(Dataset records)
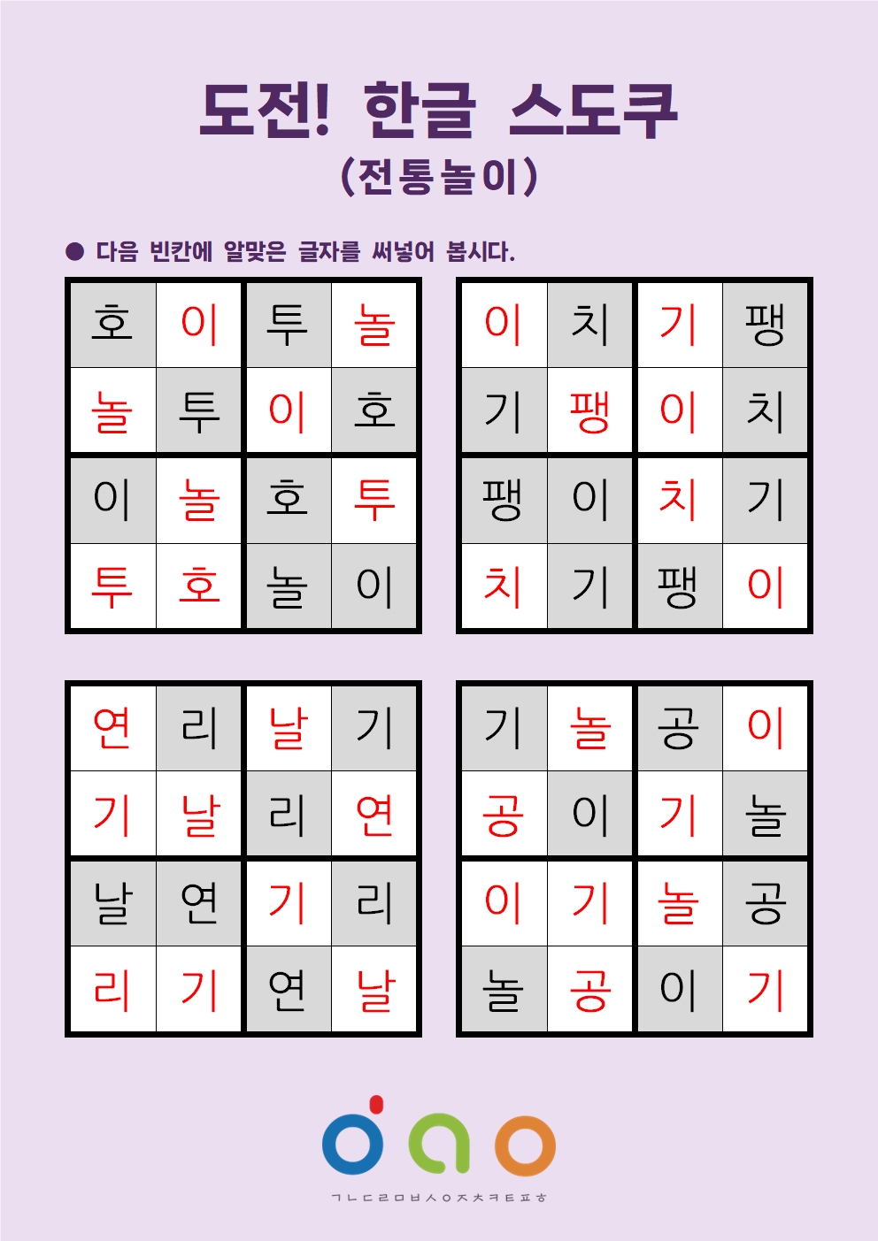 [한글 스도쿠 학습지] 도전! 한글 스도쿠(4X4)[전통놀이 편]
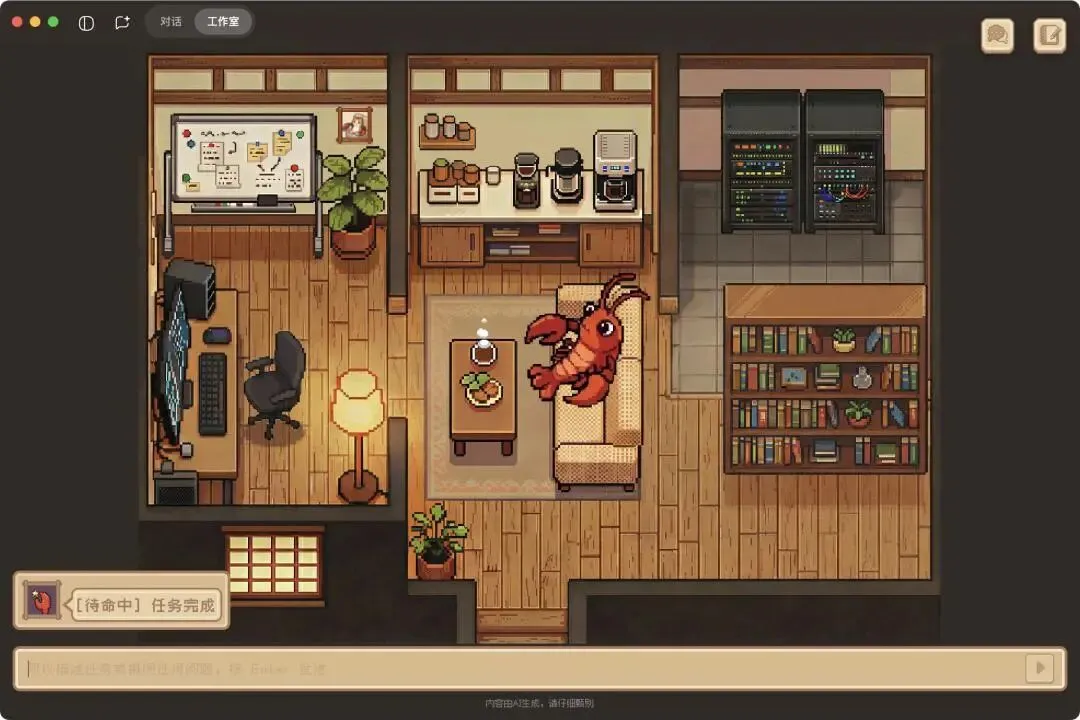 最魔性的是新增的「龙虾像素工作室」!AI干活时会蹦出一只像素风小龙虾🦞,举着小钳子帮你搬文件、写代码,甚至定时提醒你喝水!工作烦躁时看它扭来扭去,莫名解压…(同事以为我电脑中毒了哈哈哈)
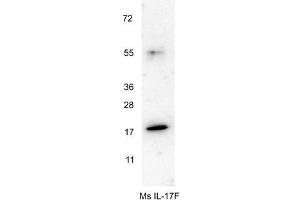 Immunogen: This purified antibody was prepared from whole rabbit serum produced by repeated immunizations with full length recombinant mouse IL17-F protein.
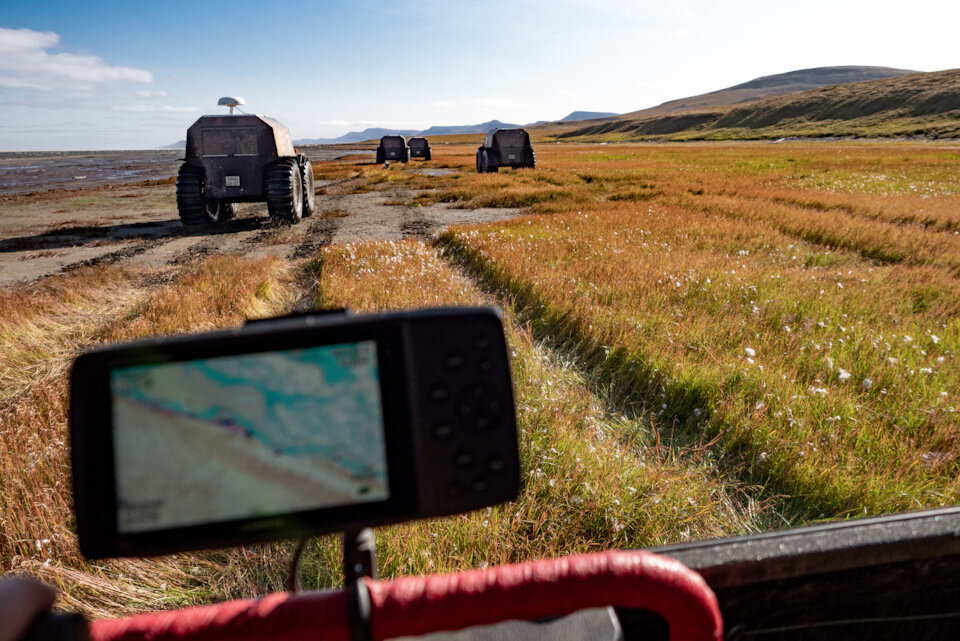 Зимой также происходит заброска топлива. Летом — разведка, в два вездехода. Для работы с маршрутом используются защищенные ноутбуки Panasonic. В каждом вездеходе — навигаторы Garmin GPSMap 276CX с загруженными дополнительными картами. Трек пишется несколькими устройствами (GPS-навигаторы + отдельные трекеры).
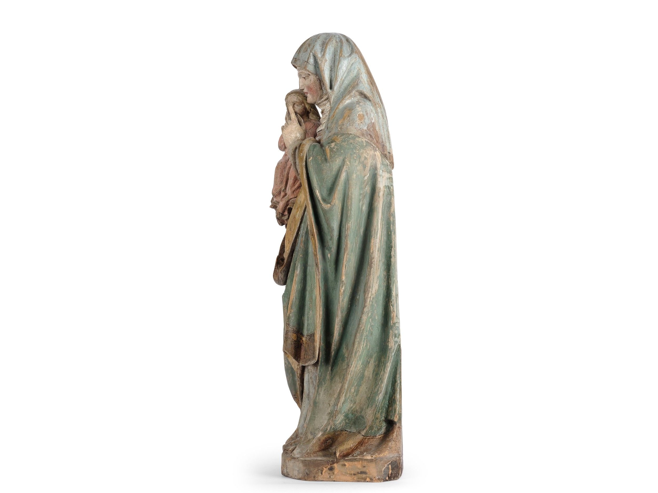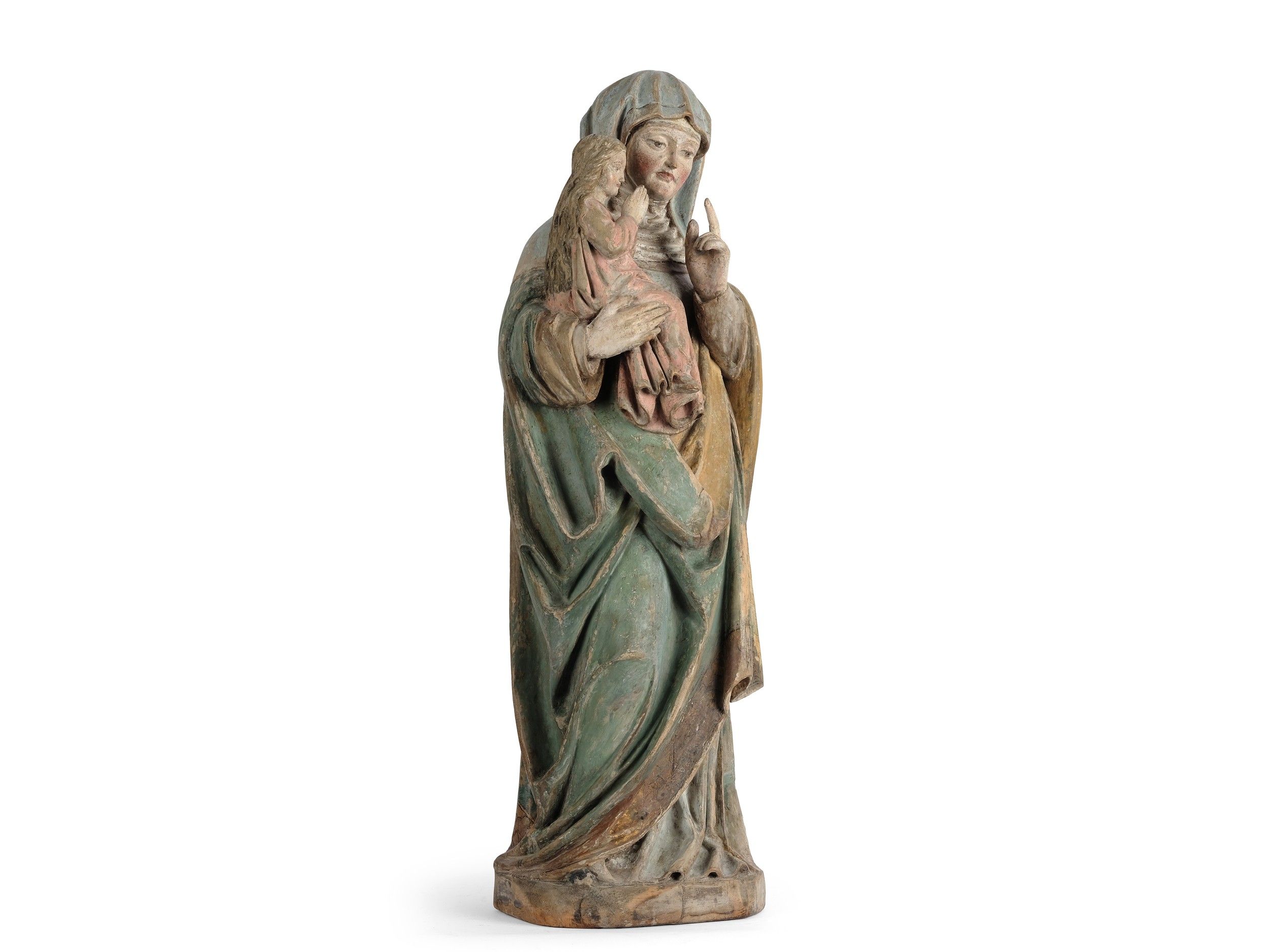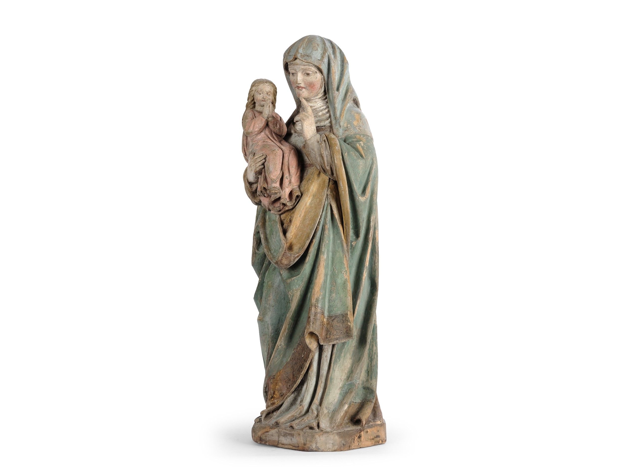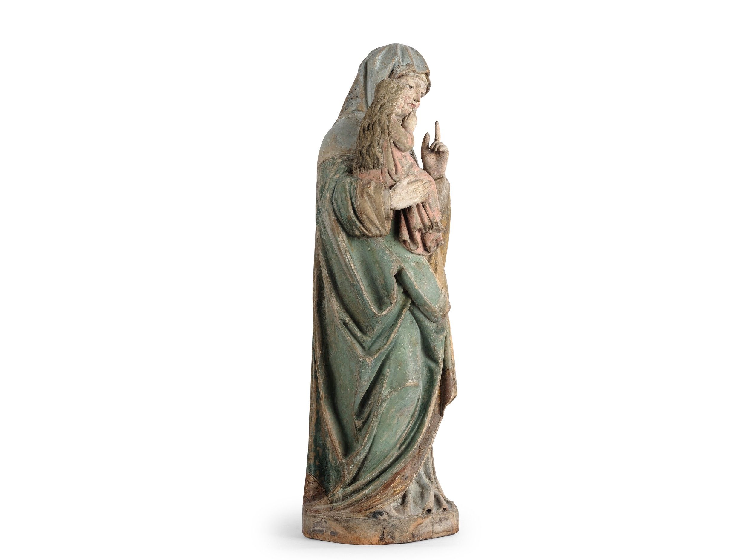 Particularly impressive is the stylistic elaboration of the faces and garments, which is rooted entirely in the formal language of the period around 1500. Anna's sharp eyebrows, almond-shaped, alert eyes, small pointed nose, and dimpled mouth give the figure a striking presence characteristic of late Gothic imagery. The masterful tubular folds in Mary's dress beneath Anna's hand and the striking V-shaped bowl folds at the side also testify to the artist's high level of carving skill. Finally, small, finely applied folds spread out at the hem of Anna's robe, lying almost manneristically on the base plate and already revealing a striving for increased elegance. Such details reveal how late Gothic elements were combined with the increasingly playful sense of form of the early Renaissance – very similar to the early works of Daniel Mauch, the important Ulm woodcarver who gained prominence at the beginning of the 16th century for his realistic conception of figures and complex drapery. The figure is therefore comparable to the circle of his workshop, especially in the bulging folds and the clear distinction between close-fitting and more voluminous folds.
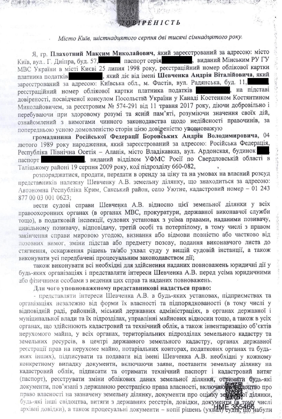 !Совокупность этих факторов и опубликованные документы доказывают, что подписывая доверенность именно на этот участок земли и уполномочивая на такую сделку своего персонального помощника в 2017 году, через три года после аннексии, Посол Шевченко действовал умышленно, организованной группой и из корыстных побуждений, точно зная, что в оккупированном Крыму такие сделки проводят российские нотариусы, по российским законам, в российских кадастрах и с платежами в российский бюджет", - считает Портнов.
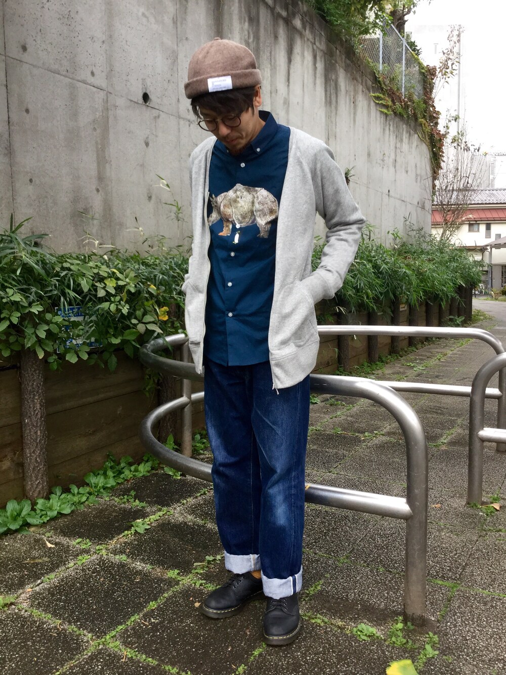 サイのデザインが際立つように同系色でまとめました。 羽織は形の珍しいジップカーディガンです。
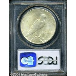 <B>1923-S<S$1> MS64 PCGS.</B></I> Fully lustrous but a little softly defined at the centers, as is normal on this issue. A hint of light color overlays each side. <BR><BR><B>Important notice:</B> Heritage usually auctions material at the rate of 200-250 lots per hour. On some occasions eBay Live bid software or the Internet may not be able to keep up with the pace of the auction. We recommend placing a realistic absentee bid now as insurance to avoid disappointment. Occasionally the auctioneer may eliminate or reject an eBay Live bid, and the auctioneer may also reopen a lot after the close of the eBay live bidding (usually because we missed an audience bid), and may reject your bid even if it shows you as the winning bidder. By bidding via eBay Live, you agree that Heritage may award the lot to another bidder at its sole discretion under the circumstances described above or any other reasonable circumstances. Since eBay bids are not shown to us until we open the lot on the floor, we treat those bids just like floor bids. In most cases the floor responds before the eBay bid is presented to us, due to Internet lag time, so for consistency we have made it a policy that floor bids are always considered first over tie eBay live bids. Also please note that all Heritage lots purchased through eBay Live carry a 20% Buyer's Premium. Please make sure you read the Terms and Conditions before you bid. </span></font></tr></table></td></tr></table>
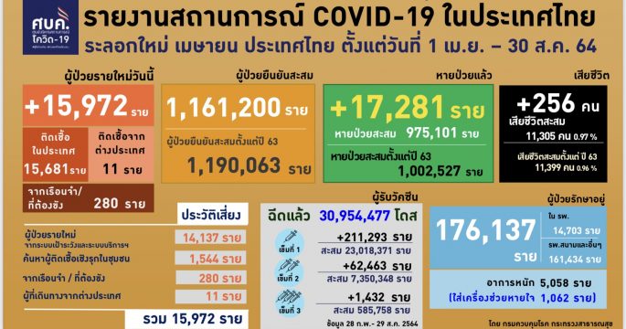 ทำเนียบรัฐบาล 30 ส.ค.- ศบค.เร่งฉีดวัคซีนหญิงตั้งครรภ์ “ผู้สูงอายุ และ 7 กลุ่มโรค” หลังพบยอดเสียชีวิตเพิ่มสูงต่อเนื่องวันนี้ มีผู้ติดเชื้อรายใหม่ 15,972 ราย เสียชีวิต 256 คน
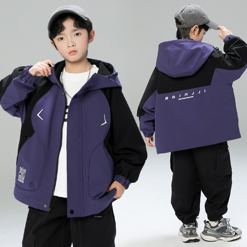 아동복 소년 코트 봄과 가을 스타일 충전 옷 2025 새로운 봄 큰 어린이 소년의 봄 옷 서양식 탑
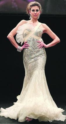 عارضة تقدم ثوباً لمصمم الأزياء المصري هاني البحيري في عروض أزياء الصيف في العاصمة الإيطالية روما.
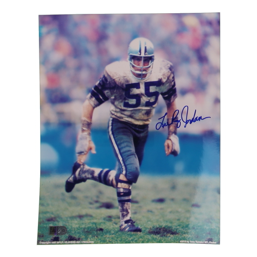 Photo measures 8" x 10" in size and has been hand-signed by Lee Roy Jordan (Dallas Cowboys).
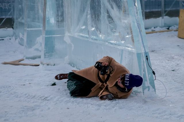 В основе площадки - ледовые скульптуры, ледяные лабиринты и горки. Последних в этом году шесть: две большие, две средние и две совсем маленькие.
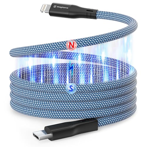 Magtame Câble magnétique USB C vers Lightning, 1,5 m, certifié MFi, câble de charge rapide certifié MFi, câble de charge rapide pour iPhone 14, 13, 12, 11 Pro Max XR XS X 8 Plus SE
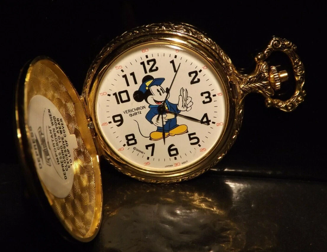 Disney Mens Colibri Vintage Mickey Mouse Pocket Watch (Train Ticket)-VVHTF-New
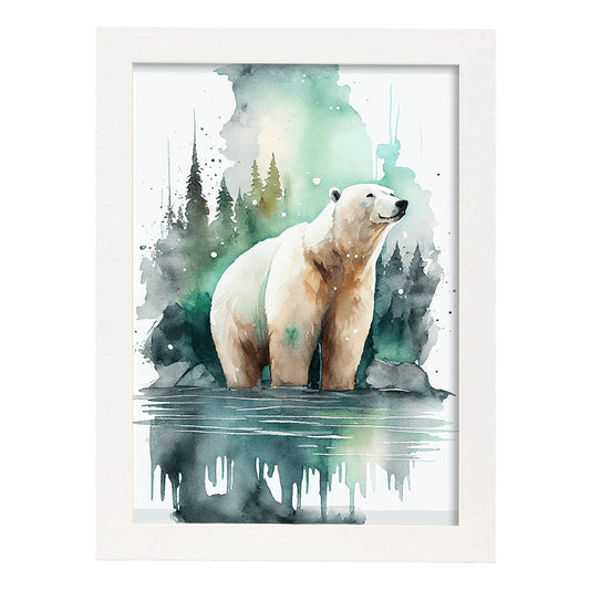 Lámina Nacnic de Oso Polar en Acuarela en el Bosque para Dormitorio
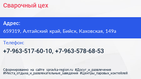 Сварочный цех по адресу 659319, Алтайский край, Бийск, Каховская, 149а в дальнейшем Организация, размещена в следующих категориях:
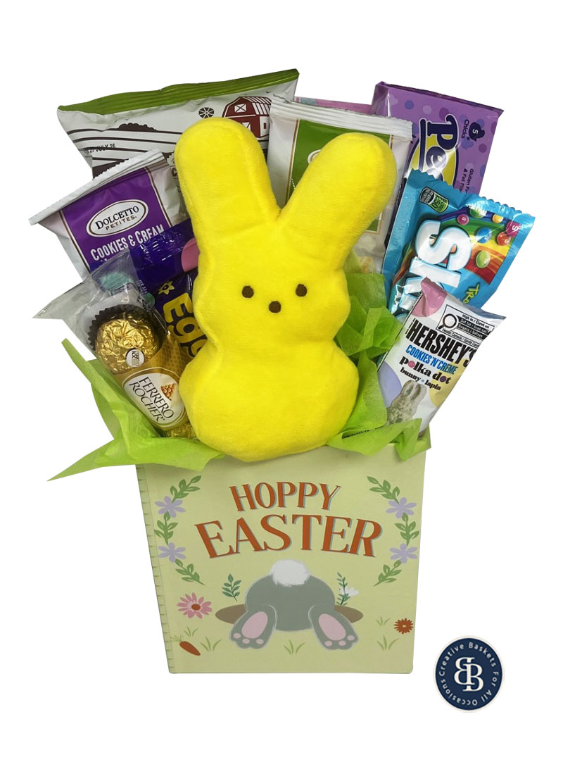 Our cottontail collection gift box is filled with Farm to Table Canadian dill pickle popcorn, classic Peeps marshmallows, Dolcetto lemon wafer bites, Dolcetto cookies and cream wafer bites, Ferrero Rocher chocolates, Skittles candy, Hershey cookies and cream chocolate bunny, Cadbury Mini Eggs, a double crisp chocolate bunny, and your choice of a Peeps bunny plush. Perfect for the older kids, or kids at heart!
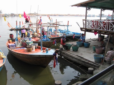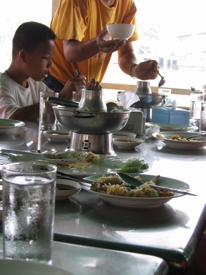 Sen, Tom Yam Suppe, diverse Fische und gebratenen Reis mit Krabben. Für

PROBLEM DESCRIPTION: Exact repetition is the task: every line from the start of the data to the line with "Зимой также происходит", inclusive, and none after it, pictures omitted.

WRITTEN RESPONSE:
 [한글 스도쿠 학습지] 도전! 한글 스도쿠(4X4)[전통놀이 편]
 最魔性的是新增的「龙虾像素工作室」!AI干活时会蹦出一只像素风小龙虾🦞,举着小钳子帮你搬文件、写代码,甚至定时提醒你喝水!工作烦躁时看它扭来扭去,莫名解压…(同事以为我电脑中毒了哈哈哈)
 Immunogen: This purified antibody was prepared from whole rabbit serum produced by repeated immunizations with full length recombinant mouse IL17-F protein.
 Зимой также происходит заброска топлива. Летом — разведка, в два вездехода. Для работы с маршрутом используются защищенные ноутбуки Panasonic. В каждом вездеходе — навигаторы Garmin GPSMap 276CX с загруженными дополнительными картами. Трек пишется несколькими устройствами (GPS-навигаторы + отдельные трекеры).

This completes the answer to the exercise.